§ **What to work on**
Only the lines from the one containing "With the roller" through the last line below belong in your copy; transcribe them exactly and omit any pictures.

§ **Source material**
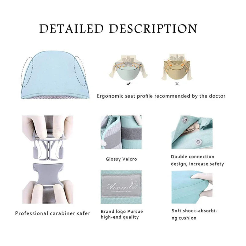 Recomandat de medici! Este un nou tip de instrument pentru cresterea copilului, cu un suport tip scaun legat de talia mamei. Proiectat ergonomic, sigur, confortabil si la moda. Marsupiul pentru talie poate fi folosit pentru a sta fata in fata, transport orizontal, transport lateral si alte functii pentru a satisface nevoile bebelusilor de diferite varste. Scaunul pentru talie poate usura in mod eficient povara pe umeri si talie atunci cand tineti bebelusul cu mainile goale.
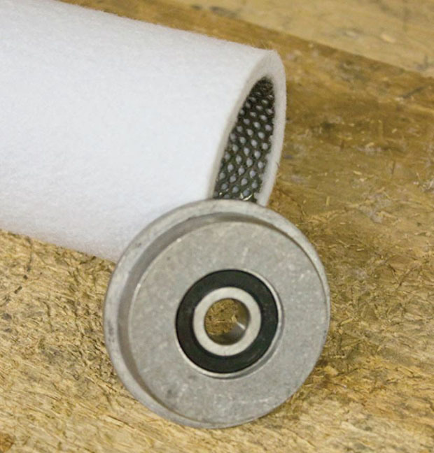 With the roller assembly removed as outlined above, remove each roller endcap by inserting a wooden or brass dowel into the roller assembly, positioning one end so that it is contacting the inside surface of the opposite roller end. Be sure the dowel is not contacting the bearing.
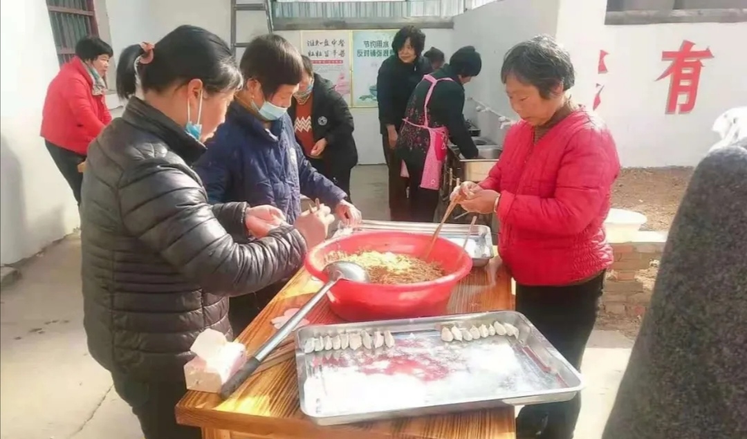 “我來(lái)搓面勁兒”“我來(lái)?yè){皮兒”“我來(lái)包餃子”……奉母鎮(zhèn)前邵村“鄉(xiāng)村大食堂”里一派熱鬧景象,該村鄉(xiāng)村振興文藝宣傳隊(duì)的十余名婦女同志自告奮勇,爭(zhēng)先在除夕晚上的團(tuán)圓飯上“露一手”。大家有說(shuō)有笑,圍在數(shù)平方米的巨大案板前,拿出了看家本領(lǐng),分工協(xié)作,揉面、搟皮、包餃子,個(gè)個(gè)動(dòng)作嫻熟,包起餃子來(lái)麻利干練,不知不覺(jué)間,面前的盤子里就放滿了餃子。 “今天晚上,我們每人都要炒兩個(gè)自家拿手菜,只能多不能少,邀請(qǐng)我們的老隊(duì)長(zhǎng)、老隊(duì)員都來(lái)一起過(guò)除夕,看春晚,守歲!”在七二村“鄉(xiāng)村大食堂里”,支部書(shū)記何世圈給村“三委”班子下了硬性任務(wù)。

§ **Problem solution**
 With the roller assembly removed as outlined above, remove each roller endcap by inserting a wooden or brass dowel into the roller assembly, positioning one end so that it is contacting the inside surface of the opposite roller end. Be sure the dowel is not contacting the bearing.
 “我來(lái)搓面勁兒”“我來(lái)?yè){皮兒”“我來(lái)包餃子”……奉母鎮(zhèn)前邵村“鄉(xiāng)村大食堂”里一派熱鬧景象,該村鄉(xiāng)村振興文藝宣傳隊(duì)的十余名婦女同志自告奮勇,爭(zhēng)先在除夕晚上的團(tuán)圓飯上“露一手”。大家有說(shuō)有笑,圍在數(shù)平方米的巨大案板前,拿出了看家本領(lǐng),分工協(xié)作,揉面、搟皮、包餃子,個(gè)個(gè)動(dòng)作嫻熟,包起餃子來(lái)麻利干練,不知不覺(jué)間,面前的盤子里就放滿了餃子。 “今天晚上,我們每人都要炒兩個(gè)自家拿手菜,只能多不能少,邀請(qǐng)我們的老隊(duì)長(zhǎng)、老隊(duì)員都來(lái)一起過(guò)除夕,看春晚,守歲!”在七二村“鄉(xiāng)村大食堂里”,支部書(shū)記何世圈給村“三委”班子下了硬性任務(wù)。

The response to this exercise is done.